In mid-November 2012, only a couple of weeks after the launch of Windows 8, Microsoft announced that the long-time head of the Windows division, Steven Sinofsky, was leaving the company. Since then, Sinofsky has been writing regularly on his own blog, called Learning by Shipping, and has also been teaching classes at Harvard.
Today, Sinofsky was the center of a Q&A at the Wall Street Journal's All Things Digital conference, where he talked for the first time in public since his departure from Microsoft about the reaction to the launch of Windows 8. When asked why the PC business continues to decline even after Windows 8's launch, Sinofsky stated that he felt that it was hard not to be happy about Microsoft selling 100 million licenses for the OS. At the same time, he said:
The industry is undergoing a tremendous amount of change. I think that is exciting and it means a lot of opportunity. It will take a long time for things to play out. It’s exciting but it means while it is going on you have to resist the urge to pick winners and losers. Things are just very different.

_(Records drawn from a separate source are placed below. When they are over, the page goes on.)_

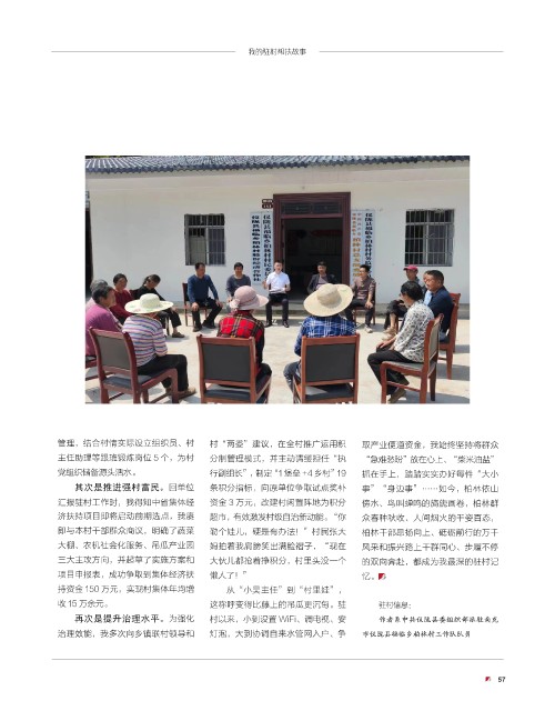 汇报驻村工作时,我得知中省集体经 资金 3 万元,改建村闲置阵地为积分 傍水、鸟叫蝉鸣的旖旎画卷,柏林群
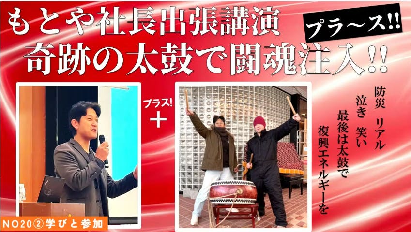 NO.20|もとや社長 講演(太鼓パフォーマンス付)+防災トーク(¥200,000)
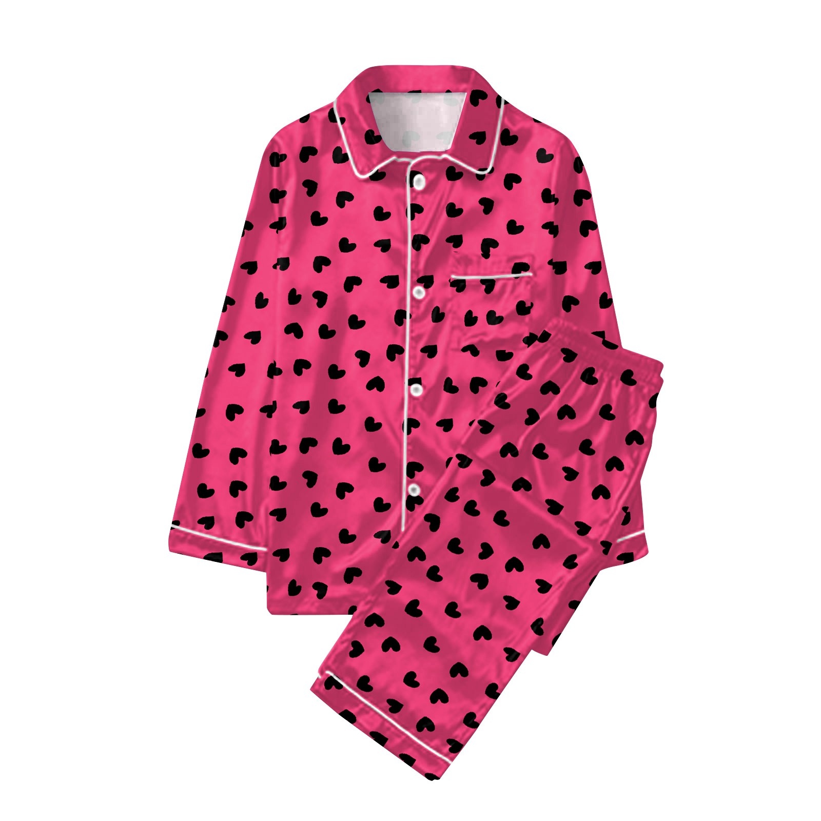 Hero image 0 of Valentine's Day Womens Pajama Set Pink Heart Printed Button Up Pajama Set Long Sleeve Shirt and Pajama Pants Lounge Sets, 0 of 4
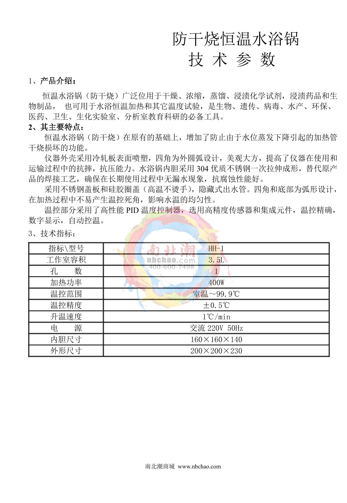 HongHua HH-1 Anti-dry burning constant temperature Water Bath brochure
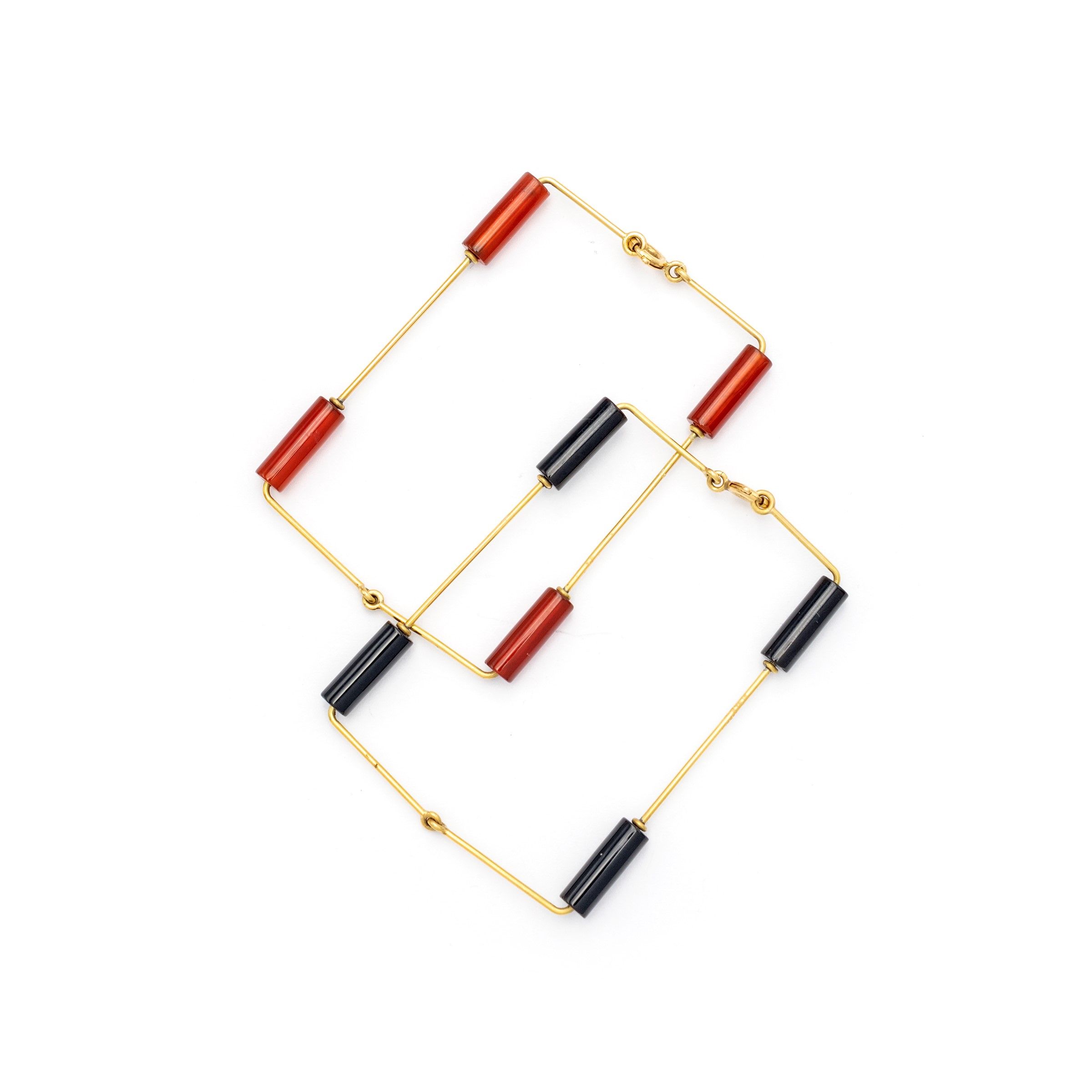 onice nero e corniola a sezioni cilindriche, misure 6,5x4,5 cm.

Sinofsky also said he helped to push Microsoft to sell its own PC hardware in the form of the Surface devices and even held a Surface RT tablet on stage during the Q&A. He also uses devices from other companies and held up his own HTC One smartphone, saying that the Android device was "amazing in its openness and all its variety."
As far as what he would like to do next, Sinofsky stated that he is still on what many people would consider to be a sabbatical, adding, "I’m not in a big rush."